PROBLEM
From the line with "お寿司を食べられない方のため" down to the final line of the material, please transcribe everything exactly, but leave the pictures out.

RAW DATA

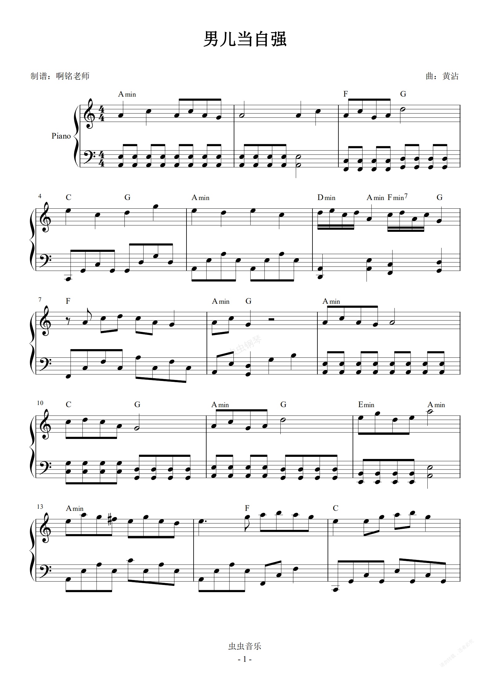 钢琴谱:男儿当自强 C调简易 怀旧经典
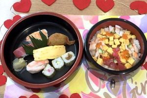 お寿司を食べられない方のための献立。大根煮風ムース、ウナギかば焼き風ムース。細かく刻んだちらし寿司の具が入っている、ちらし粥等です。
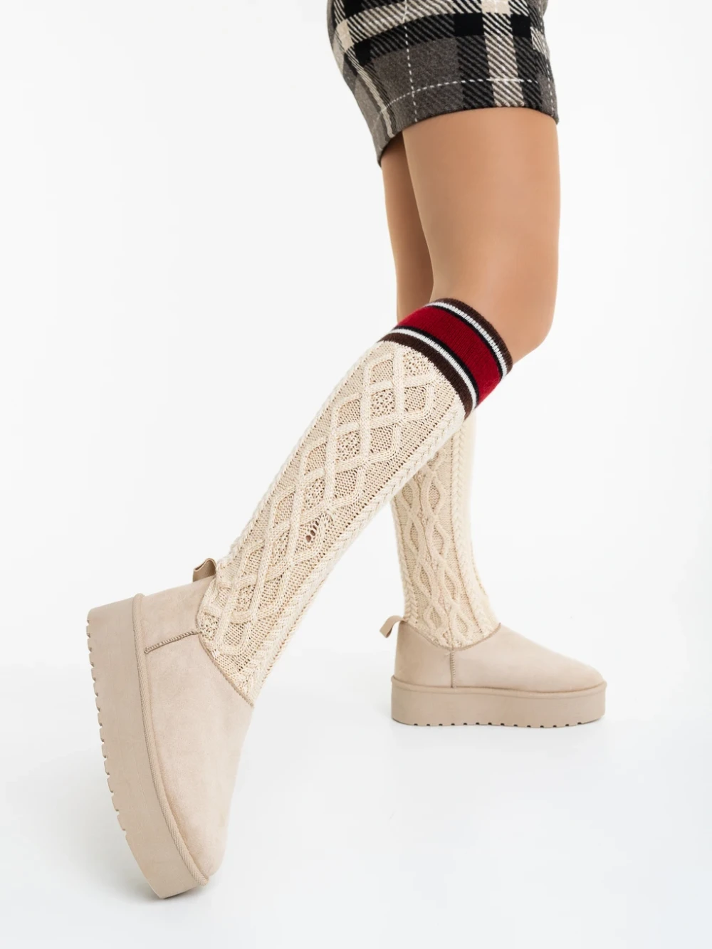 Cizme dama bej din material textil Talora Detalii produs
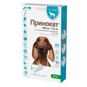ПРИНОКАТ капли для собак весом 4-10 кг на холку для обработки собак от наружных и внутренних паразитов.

RESPONSE TO THIS TASK
 お寿司を食べられない方のための献立。大根煮風ムース、ウナギかば焼き風ムース。細かく刻んだちらし寿司の具が入っている、ちらし粥等です。
 Cizme dama bej din material textil Talora Detalii produs
ПРИНОКАТ капли для собак весом 4-10 кг на холку для обработки собак от наружных и внутренних паразитов.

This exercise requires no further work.